Es gilt jedoch nach Art. 9 Abs. 2 Buchst. a der Richtlinie 77/388/EWG als Ort einer Dienstleistung in Zusammenhang mit einem Grundstück „einschließlich der Dienstleistung von Grundstücksmaklern” der Ort, an dem das Grundstück gelegen ist. Zu diesen Dienstleistungen gehören auch Bauleistungen an einem Grundstück, weil sie schon tatsächlich nur am Belegenheitsort des Grundstücks erbracht werden können. Dass der Beschwerdeführer die Bauleistungen nicht selbst ausgeführt, sondern nur —mittelbar oder unmittelbar— vermittelt hat, ändert daran nichts.
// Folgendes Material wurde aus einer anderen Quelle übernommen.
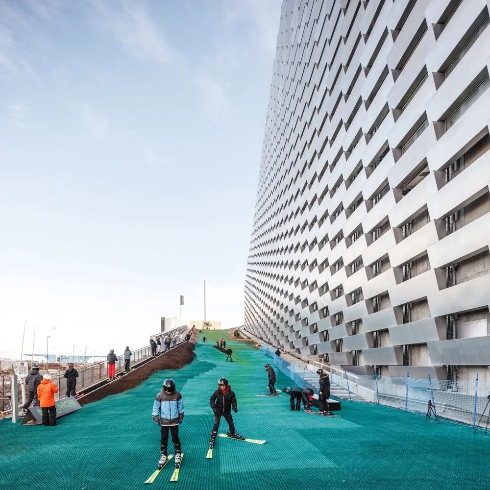 一座垃圾發(fā)電廠能改造出多少花頭,看完 CopenHill,真的被建筑師的腦洞驚艷到,400m 的屋頂滑雪場、公園步道、85m的人工攀巖墻、咖啡店、酒吧,每一處設(shè)計都在為當(dāng)?shù)厝嗣駧碜罘潘傻挠瓮骟w驗。從最受矚目的滑雪場說起,雖然丹麥氣候寒冷,但這里卻缺乏山脈,以前人們?yōu)榱嘶┲荒茯?qū)車幾百公里到瑞典滑雪。CopenHill 的出現(xiàn),讓哥本哈根擁有了第一個滑雪場不同于白雪皚皚的滑雪道,這個滑雪場放眼望去皆是綠色。這是一種特殊的合成材料,由一個個小的幾何單元構(gòu)成。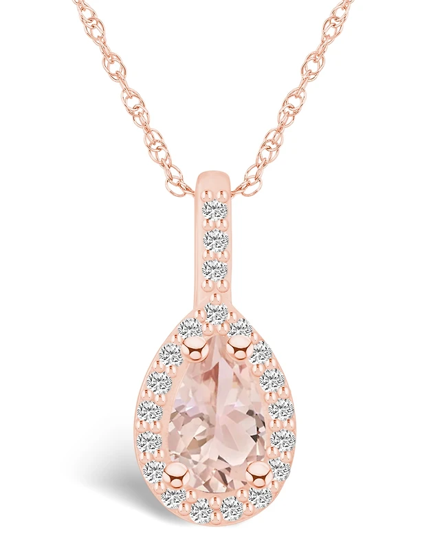 Macy's Morganite (3/4 Ct. T.w.) and Diamond (1/5 Ct. T.w.) Halo Pendant Necklace in 14K Rose Gold
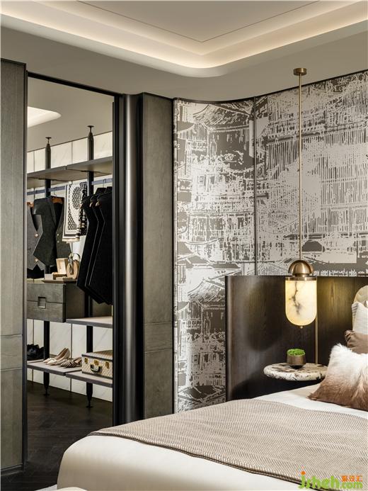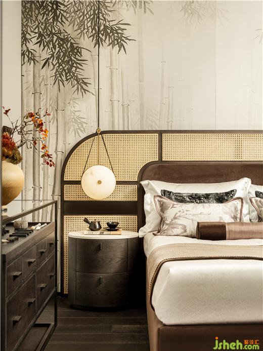 新月懸浮兩側(cè),搭配古典家具演變的條案,竹影策策的床頭背景墻四湖漾山水翠,又似庭院深深里,龍湖恒邦·花千樾別墅設(shè)計(jì)便是中式復(fù)古的設(shè)計(jì)也暗藏?zé)o限生動(dòng)氣韻。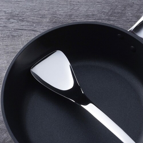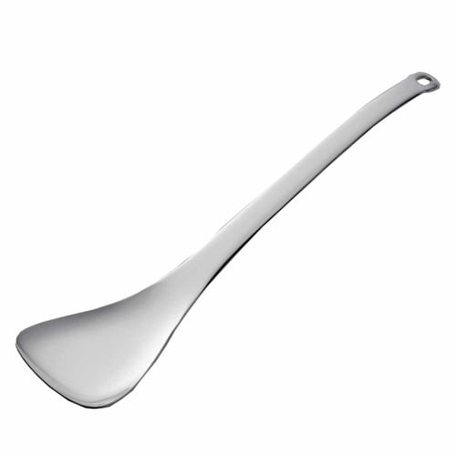 ロングタイプのステンレス製サーバーです。 フライパンや大皿からすくい取りやすい先端形状になっています。 柄が長いのでフライパンの混ぜ物料理にも便利です。 |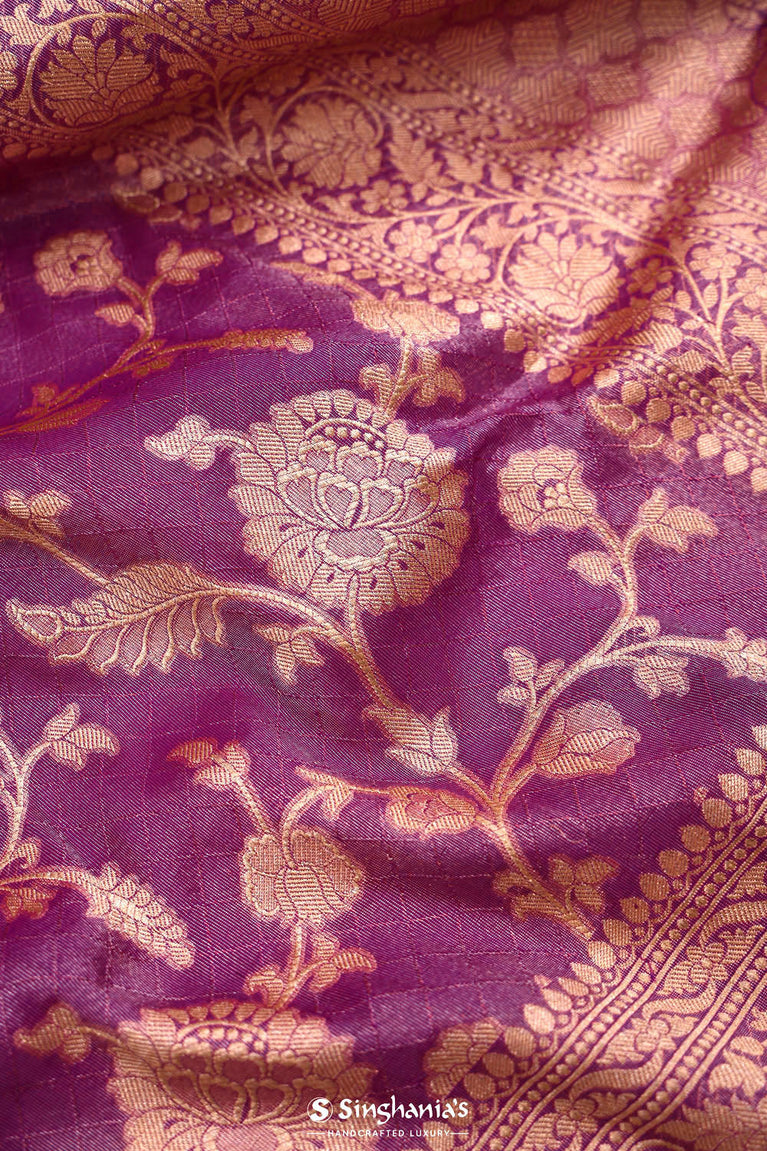This is a traditional purple tissue banarasi saree for festive, wedding occasions and party wear. Adorned with gold zari floral butta jaal weaving all over the body and a small, floral creeper border and pallu, completing the whole look.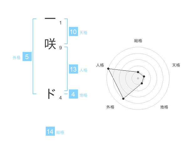 一咲 ドさんの総格は14画の1点!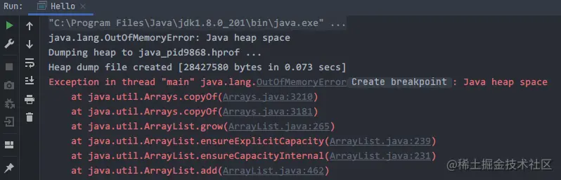 * VM参数:-Xms20M -Xmx20M -XX:+HeapDumpOnOutOfMemoryError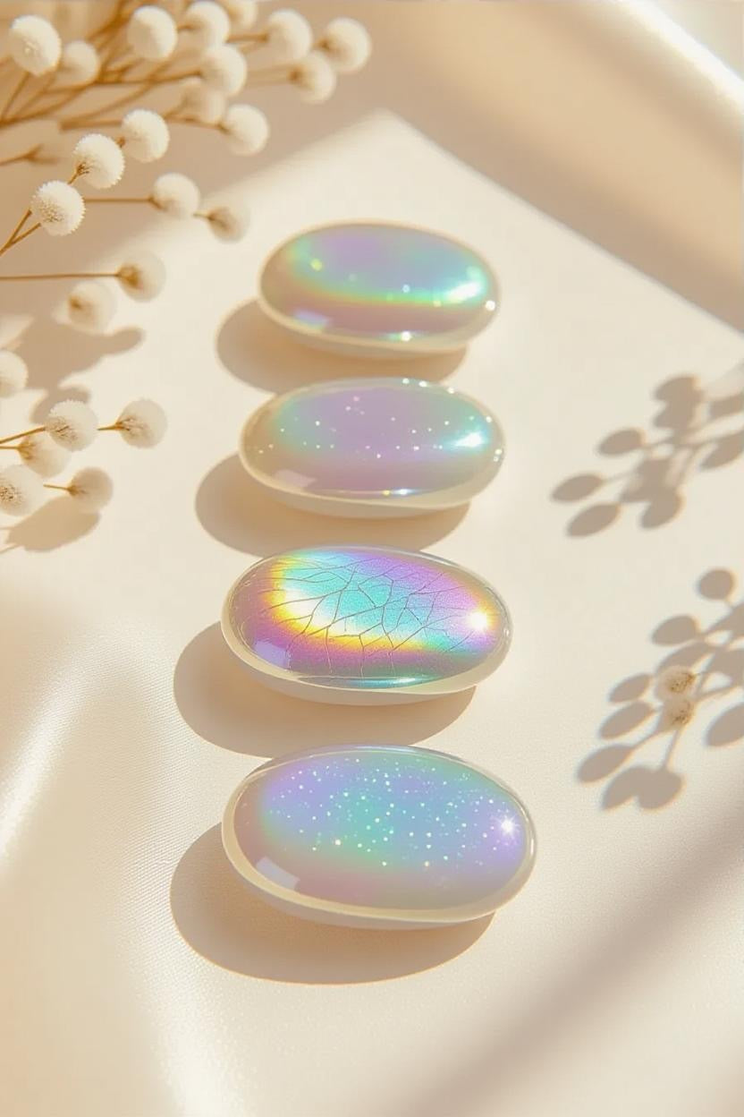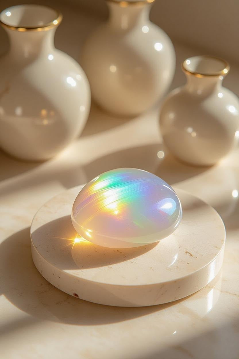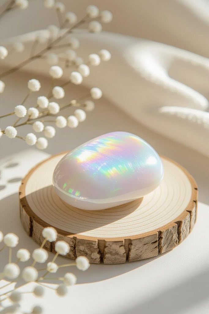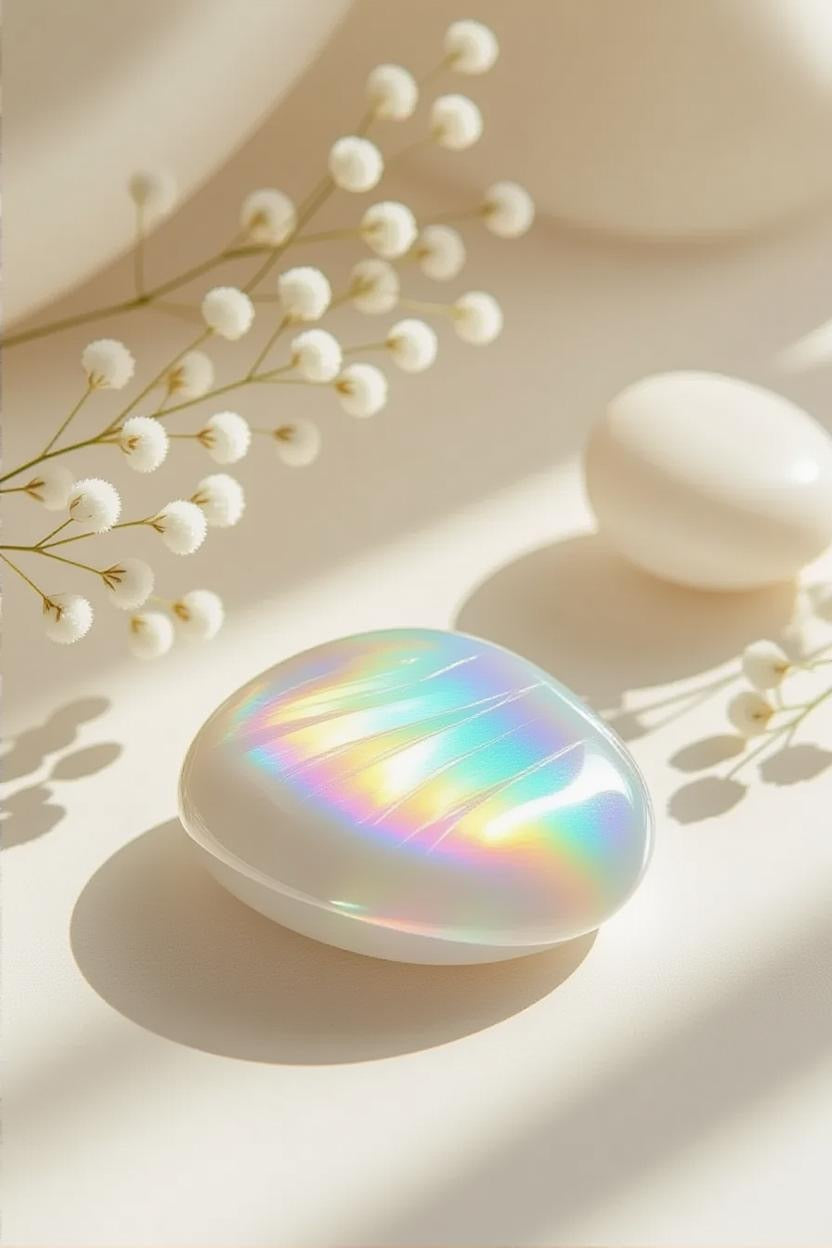 💎 Hand-polished to a smooth, radiant finish, this exceptional piece showcases a delicate iridescent sheen that dances with light, reflecting soft hues of pearl, silver, and pastel rainbow tones.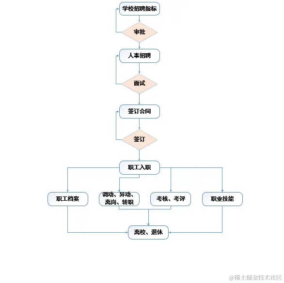人事部门处理学校人事信息,发布招聘信息到社会进行社招,针对面试可对面试人员进行系统登记留存档案,方便领导审核。完成面试审核针对入校得到教师需要对其进行岗前培训,入校培训了解其校园文化,校园规则。提交职工提交登记表,针对不同在校的教职工可对其进行学年考核,学期考核。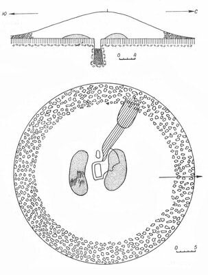 Підземелля гробниці мало протяжність до 10 м і більше. При зведенні великих курганів насип споруджували з пластів нарізаного дерну або з мулких вальків і обкладали по основі каменями. Найвеличнішими були царські кургани, висота яких доходила до 18-22 м.

§ 3a Abs. 2 Nr. 4 UStG setzt Art. 28b Teil E Abs. 3 der Richtlinie 77/388/EWG um. Danach ist abweichend von Art. 9 Abs. 1 der Richtlinie 77/388/EWG der Ort der Dienstleistungen von Vermittlern, die im Namen und für Rechnung Dritter handeln, wenn sie an anderen Umsätzen als den in den in § 3a Abs. 1 und 2 und in Art. 9 Abs. 2 Buchst. e genannten beteiligt sind, der Ort, an dem die Umsätze erbracht werden. Hat jedoch der Empfänger der Dienstleistung eine Umsatzsteuer-Identifikationsnummer in einem anderen Mitgliedstaat als dem, in dem die Umsätze erbracht werden, so gilt der Ort der Dienstleistung des Vermittlers als im Gebiet des Mitgliedstaats gelegen, der dem Empfänger der Dienstleistung die Umsatzsteuer-Identifikationsnummer erteilt hat, unter der ihm die Dienstleistung vom Vermittler erbracht wurde. Durch die Beschränkung der Bezugnahme auf Art. 9 Abs. 1 und Abs. 2 Buchst. e der Richtlinie 77/388/EWG bleiben die Ortsbestimmungen in Art. 9 Abs. 2 der Richtlinie 77/388/EWG unberührt.